Office in the Syriac Orthodox Church

The Catholicos of India, also referred to as the Catholicos of the East or the Maphrian of the East is the head of the Malankara Syriac Orthodox Church. He is ordained by the Syriac Orthodox patriarch of Antioch and functions within the Syriac Orthodox Church at an ecclesiastical-rank second to him. He presides over the holy synod of the Jacobite Syrian Orthodox Church in India. The current Catholicos of India is Baselios Joseph, who was elevated on March 25, 2025.

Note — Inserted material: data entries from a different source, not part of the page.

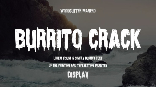 Burrito Crack Font is the ultimate horror display font! it caters to a global audience. It is perfect for posters, marketing materials, chilling movie titles, Death metal logotypes, Halloween crafts, and an array of spine-tingling projects. Unleash the terror with Burrito Crack!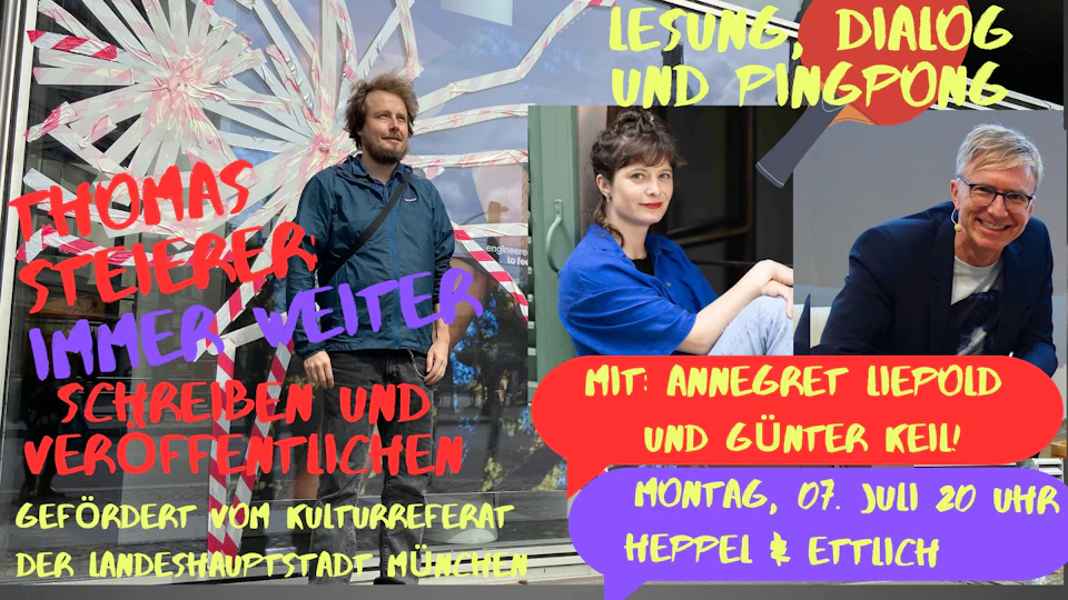 Nach dem erfreulichen und vielversprechenden Auftakt der Reihe Anfang Juni, geht es am 7. Juli weiter: Thomas Steierer, Autor und Kabarettist, der an seinem ersten Roman arbeitet, begrüßt im Rahmen der vom Kulturreferat der Landeshauptstadt München geforderten Veranstaltungsreihe im Heppel & Ettlich an der Münchner Freiheit auf der Bühne diesmal die Schriftstellerin und mehrfach prämierte Roman-Debütantin Annegret Liepold, und den Literaturkritiker und Moderator Günter Keil, der auf diversen Kanälen seine Begeisterung für Literatur einer immer weiter wachsenden Zahl an Leserinnen und Lesern vermittelt.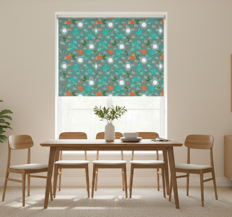 Kukkakuvioinen geometrinen ruokasalin rullaverho
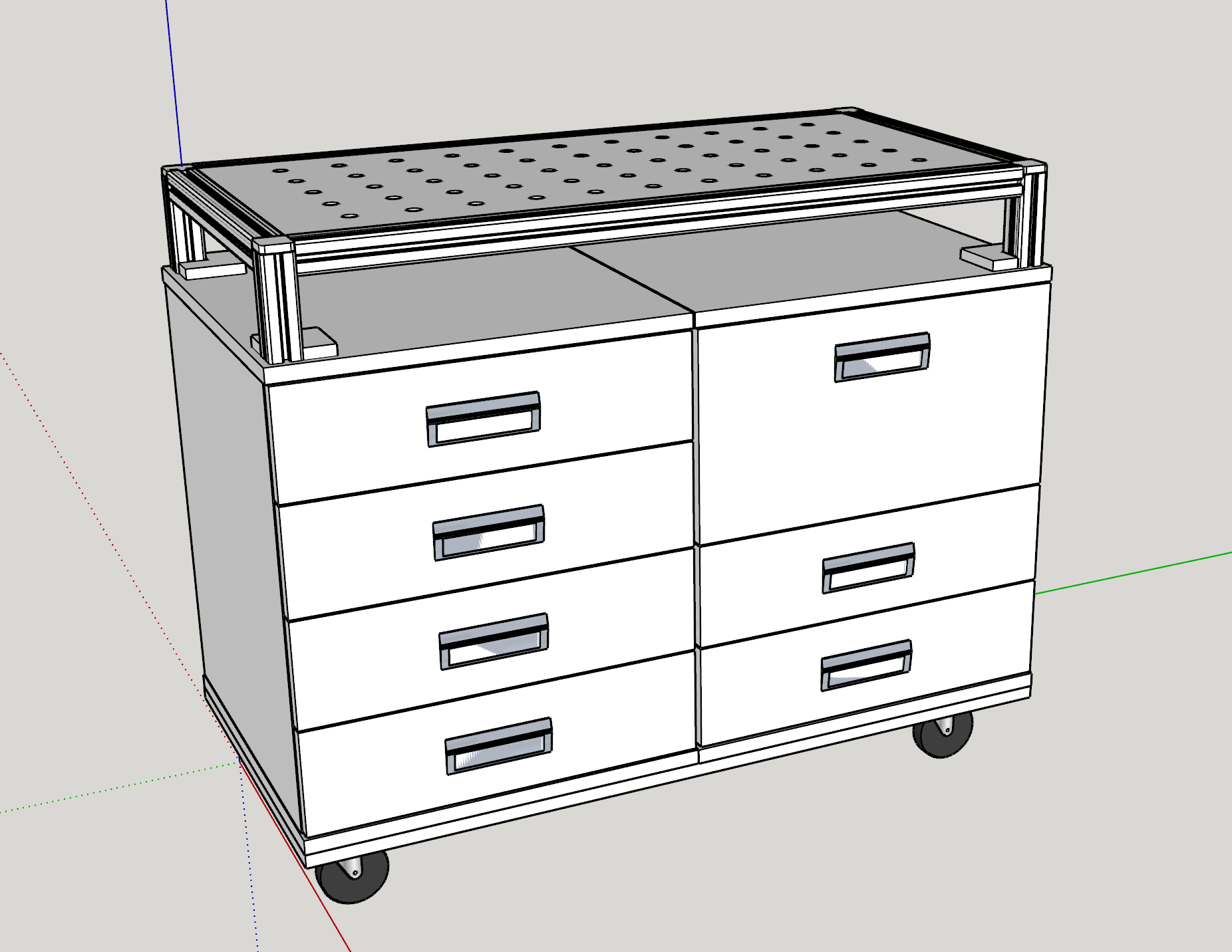 Diese Werkbank habe ich aus beschichteter Spanplatte gebaut und somit haben die Kanten eine ABS-Beschichtung.

The catholicate is considered the continuation of the historical Maphrianate of the East which was established in the 7th century, to oversee the affairs of the Syriac Orthodox Church in Persia under the jurisdiction of the Patriarchate of Antioch. It was abolished in 1860 by the holy synod of the Syriac Orthodox Church, and reestablished in Kerala in 1964 with the title "Catholicos" with jurisdiction over India. The Indian catholicos is seated at Mar Athanasius Cathedral, Puthencruz, Kerala.

== Catholicos/Maphrian ==
The word is a transliteration of the Greek καθολικός (pl. καθολικοί), meaning “concerning the whole, universal or general”, a title that existed in the Roman Empire when the government representative in-charge of a large area was called 'Catholicos'. The churches later started to use this term for their chief bishops.

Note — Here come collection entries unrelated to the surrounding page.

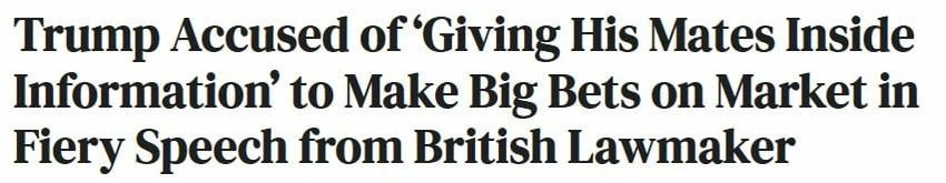 Британский парламентарий обвинил Трампа в передаче инсайдерской информации для совершения крупных ставок на рынке. Открыли глаза. А реклама криптопроектов на военных парадах и запуск трампкоинов это чего, шутка? Но будет иронично, если мир погибнет из-за крупной ставки против ядерной войны.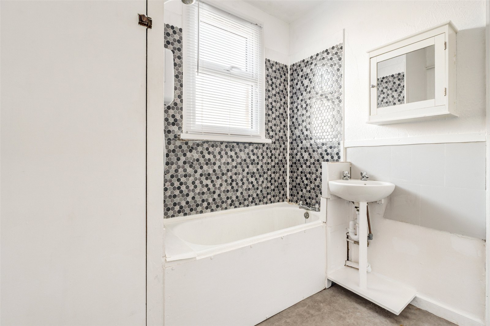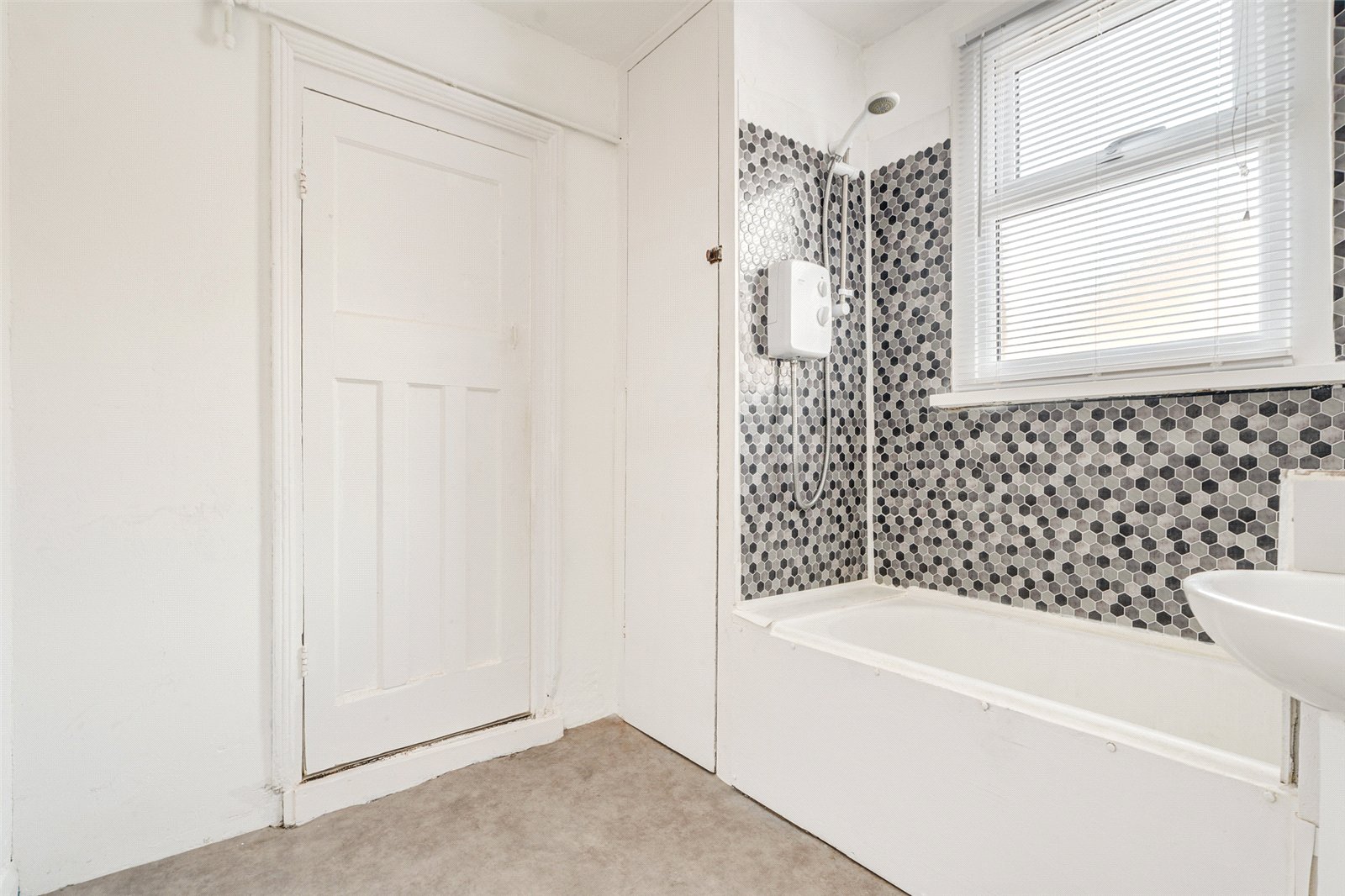 The modern bathroom features honeycomb-style tiling, a bath with overhead shower, wash hand basin and WC.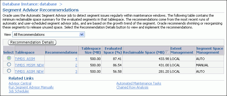 In both cases, Enterprise Manager creates the Segment Advisor task as an Oracle Database Scheduler job. You can schedule the job to run immediately, or can take advantage of advanced scheduling features offered by the Scheduler.
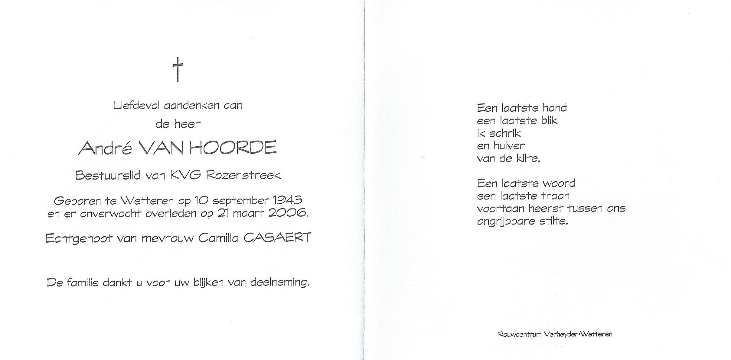 Overlijden van een echtgenoot | André Van Hoorde 21 maart 2006 (Leeftijd 59 jaar) |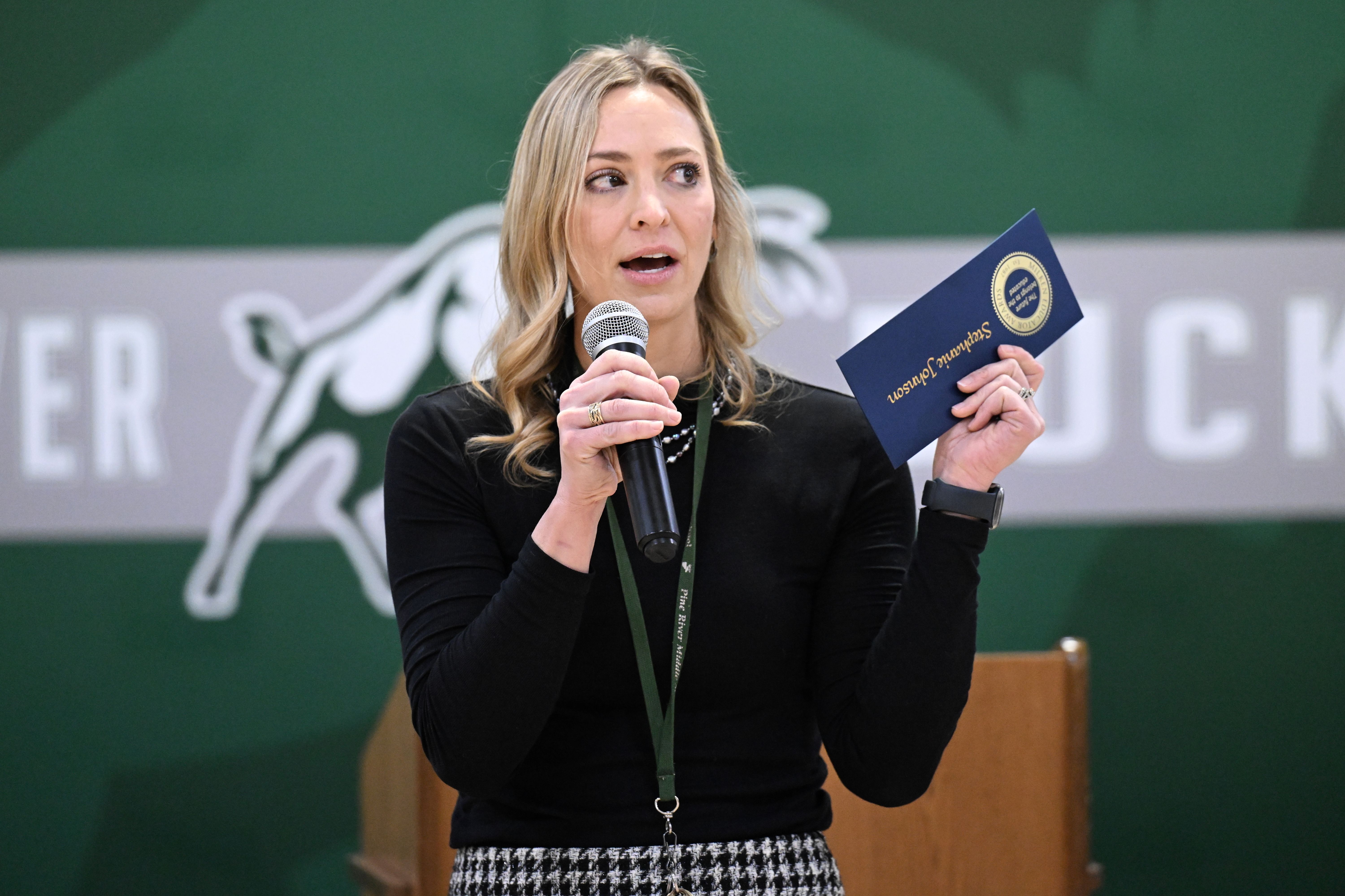 In addressing the assembly, Stephanie Johnson expresses her gratitude for the educators who have influenced her, impacted her and inspired her to become a teacher. "I can teach anywhere in the local area, and I choose Pine River because I love our school, I love our community and I love our students," she said. "I'm so proud to be part of this organization that educates our students and helps them to get to the places that they want to be."

'Maphriyono' (Maphrian) is derived from the Syriac word 'afri', meaning "to make fruitful", or "one who gives fecundity". This title may be used exclusively for the head of the Syriac Orthodox Church in the East. From the mid-13th century and onwards, a few occupants of the Maphrianate were referred-to also as 'Catholicos', but the title never came into extensive usage.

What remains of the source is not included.